Falasca also has agreed, relative to every public contract it is awarded, to keep specific records of its efforts to reach targeted hiring goals for women. The records are to be kept for at least three years, and must include records of all individuals requested or referred from a labor union, as well as those interviewed or hired.
Falasca also will develop its own anti-discrimination and EEO Rules compliance policy, provide copies of the policy to the Division on Civil Rights, and distribute it to all unions with whom Falasca has a collective bargaining or other type of labor agreement.
The contractor also has agreed to provide mandatory training on its anti-discrimination and EEO rules compliance policy to all project managers, foremen, hiring personnel and Local Union 322’s Business Manager. The training must be conducted by a qualified individual with a background in, and knowledge of, the LAD and civil rights law.
Reporting and monitoring provisions are built into the settlement to ensure Falasca’s compliance.
In addition, Local Union 322 and Falasca have agreed to engage in a joint cooperative effort to strengthen female recruitment into Local Union 322, and increase opportunities for female plumbers. As part of that effort, Local Union 322’s Joint Apprenticeship Training Committee (JATC) has committed to its own outreach and recruitment efforts to attract more female participants in the apprenticeship program.

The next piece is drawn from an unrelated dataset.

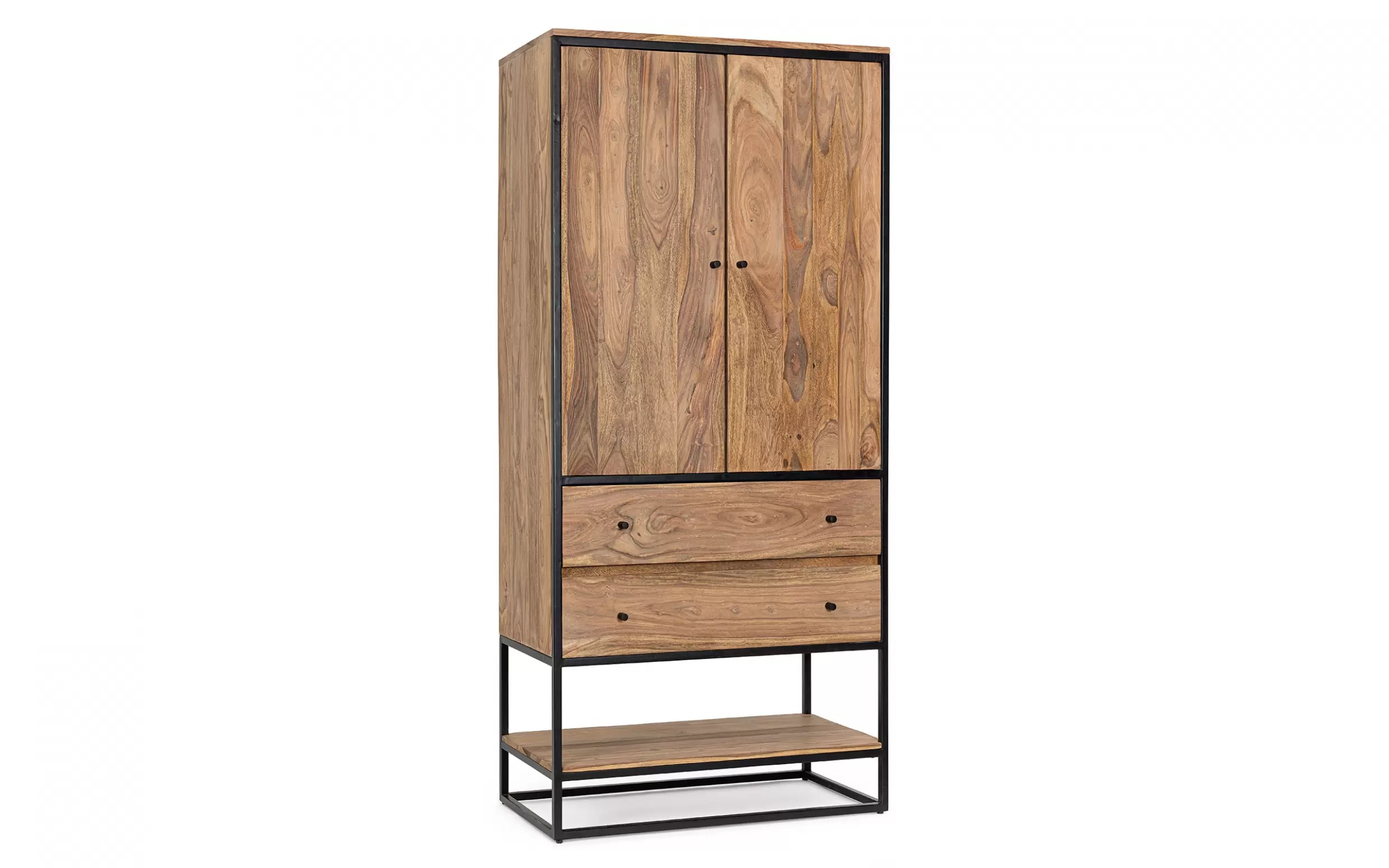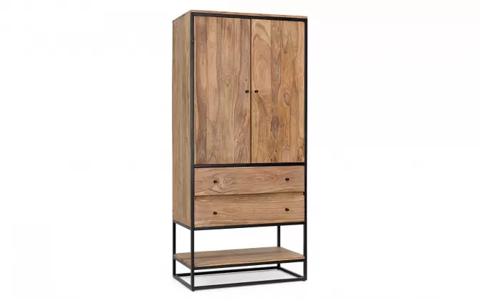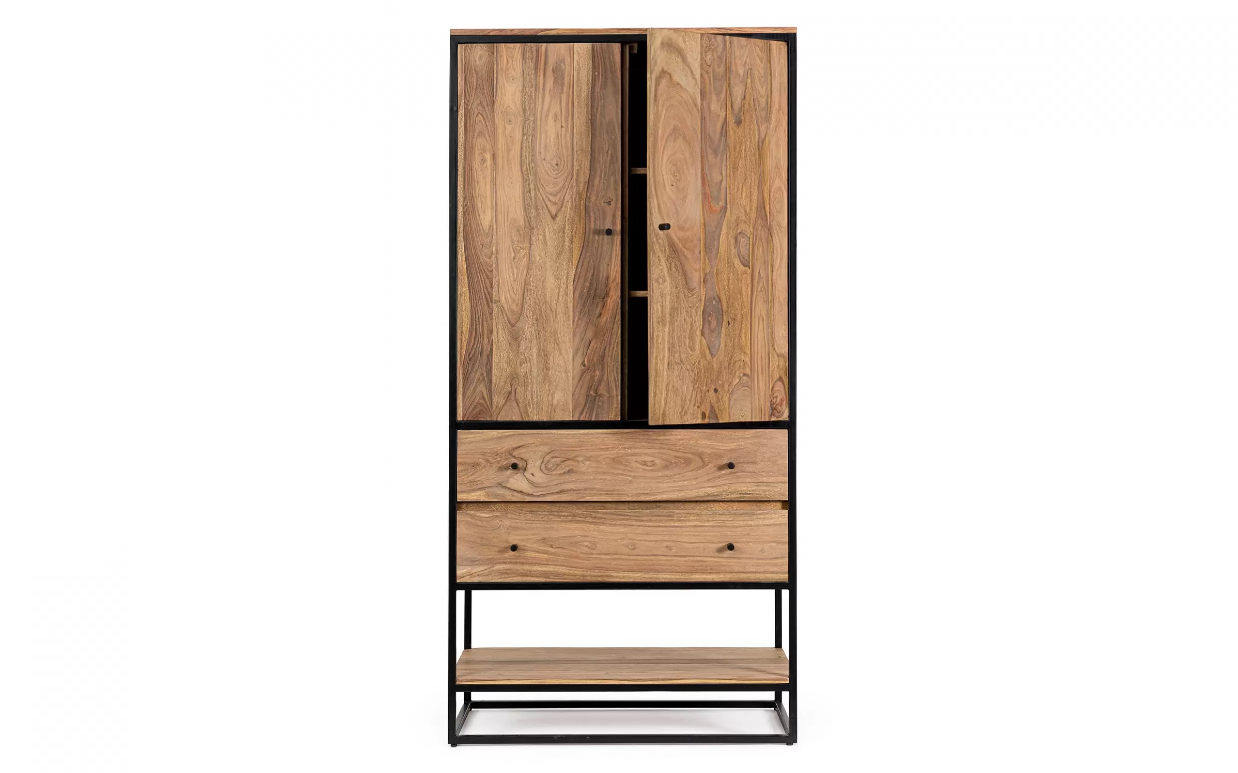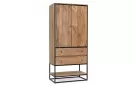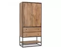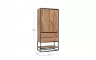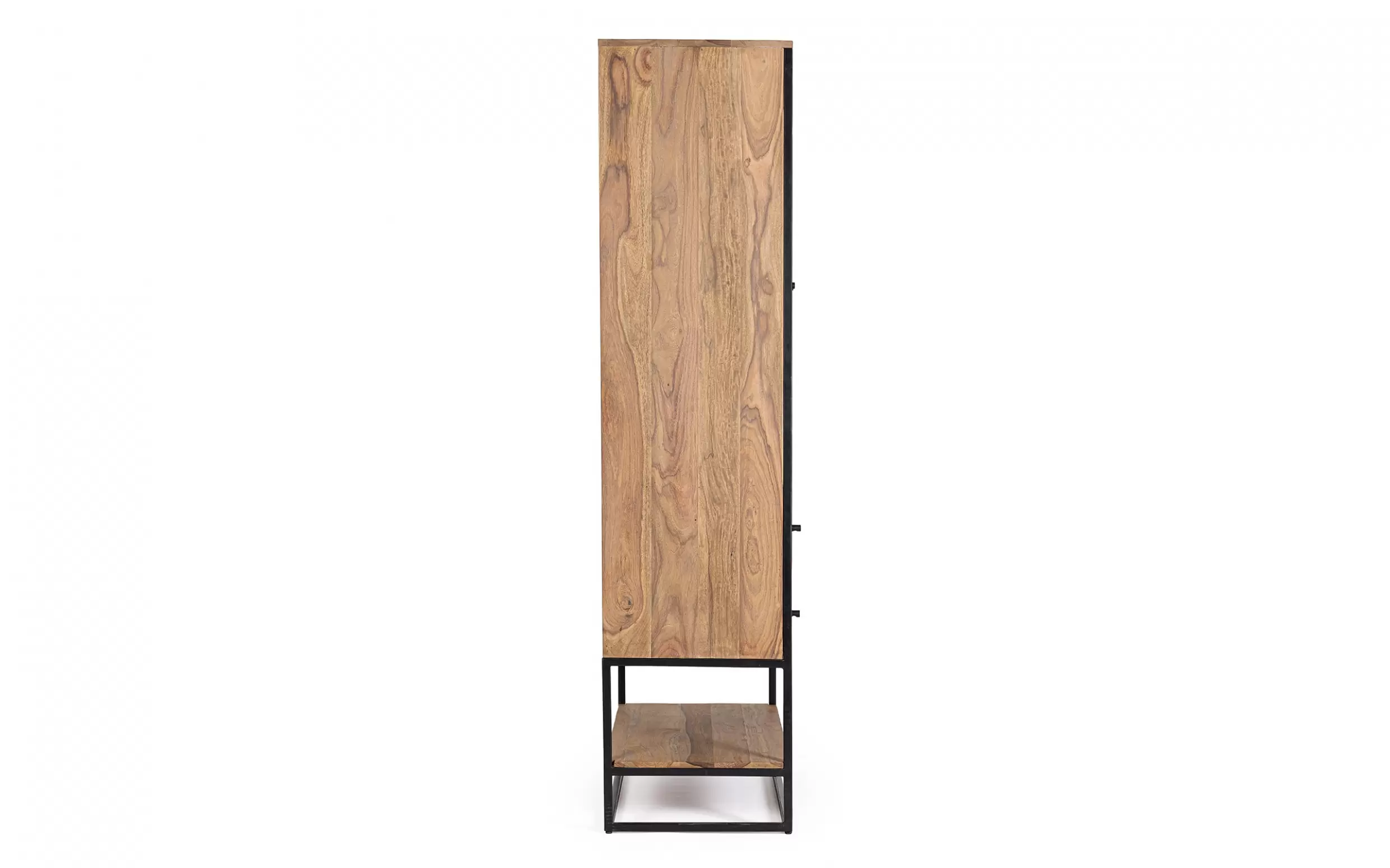 Witryna NARTAN 90×45×190 to połączenie naturalnego drewna sheesham z solidną stalą malowaną proszkowo. Mebel wykończony lakierem akrylowym ochronnym prezentuje się niezwykle stylowo, a przy tym jest trwały i odporny na codzienne użytkowanie. Fronty zdobią stalowe uchwyty, a wnętrze wyposażono w praktyczne półki i szuflady, co czyni go idealnym rozwiązaniem do przechowywania i ekspozycji.

Local Union 322 also has agreed to undertake outreach to students in at least three vocational-technical high schools during each of the next five academic years, including the 2013-2014 academic year. The purpose of such outreach will be to provide information about the plumbing industry as a career, and to encourage first and second year female students to pursue careers in the trade.
Deputy Attorney General James Michael, Deputy Attorney General Megan Harris, Special Investigations Unit Head Lorraine LeSter and Investigator Marian Bland handled the Falasca matter on behalf of the State.